Thanks so much for the support guys. =) The main reason why I've chosen to quit facebook is because I noticed that some of my "close friends" were posting statuses about going out and hanging out without me. I think the only thing worse than having no friends, is having "friends" who don't appreciate your company. Now that I have chosen to quit associating myself with facebook, I will no longer be consumed with lives that have little significance to the person I am. 
I am no longer a facebookaholic.


----------



## Rossy (Jan 15, 2011)

I have just ditched facebook:yay


----------



## nickcorona (Oct 17, 2010)

You goal is way to broad..

Follow this guideline for setting goals:

Specific
Measurable
Achievable
Realistic
Time-framed

Your goal to have a more positive outlook on live is neither specific, measurable, or time-framed.


----------



## sociallyconscious (Mar 27, 2009)

^^ No, not at all.
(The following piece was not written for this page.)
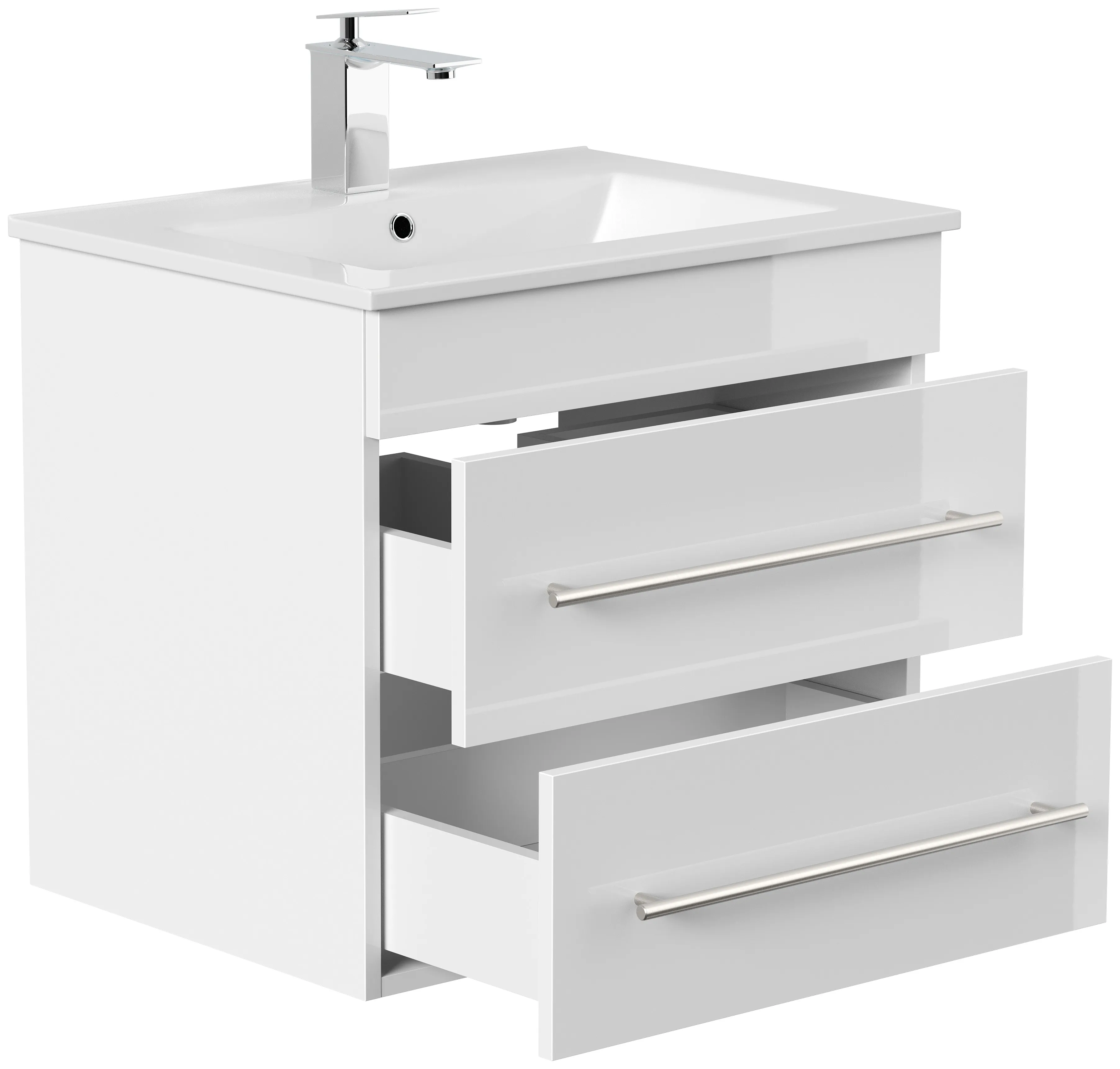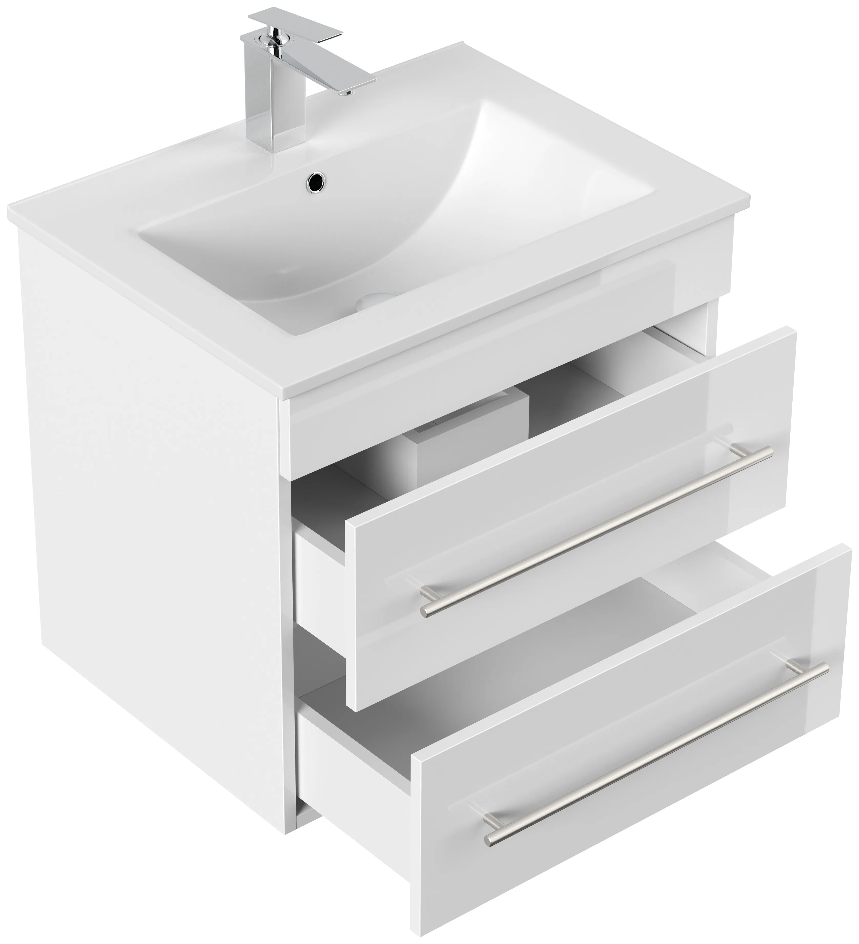 Badmöbel Waschtisch Unterschrank, 2 Schubladen mit Softclose (B/H/T) 59/54/45,6 cm.

My ultimate goal is to have a more positive outlook on life. 
The small goals I have created to reach this goal include ditching facebook for 3 weeks to see if my happiness levels change, leaving my apartment at least three times a week (going for a 5 minute walk, buying necessities at the mall, etc.), monitoring my swearing, and a few other personal goals.
My goals are specific, measurable, and time-framed.


----------



## sociallyconscious (Mar 27, 2009)

Rossy said:


> I have just ditched facebook:yay


Yay!!! Congrats! =)


----------



## trendyfool (Apr 11, 2010)

good job!!!  this is a great goal. I sort of did this, and after a while I was able to start using facebook again and not feel terrible about what i saw there.


----------



## Kakaka (Apr 7, 2010)

That's great 

I'm trying to do a similar thing at the moment - minimising the time I spend on certain sites (Facebook inc). Something which helped me was I downloaded a little Firefox addon called Leechblock that only lets me on certain websites after 10pm. Decent tool if anyone's interested.


----------



## suddenstorm (Feb 2, 2011)

I think thats a good idea. I have facebook but I don't get on it much. I just get on it to add people I meet or people I want to keep/stay in contact with. I'm not really into the whole thing. Facebook seems kinda fake to me...


----------



## sociallyconscious (Mar 27, 2009)

Kakaka said:


> That's great
> 
> I'm trying to do a similar thing at the moment - minimising the time I spend on certain sites (Facebook inc). Something which helped me was I downloaded a little Firefox addon called Leechblock that only lets me on certain websites after 10pm. Decent tool if anyone's interested.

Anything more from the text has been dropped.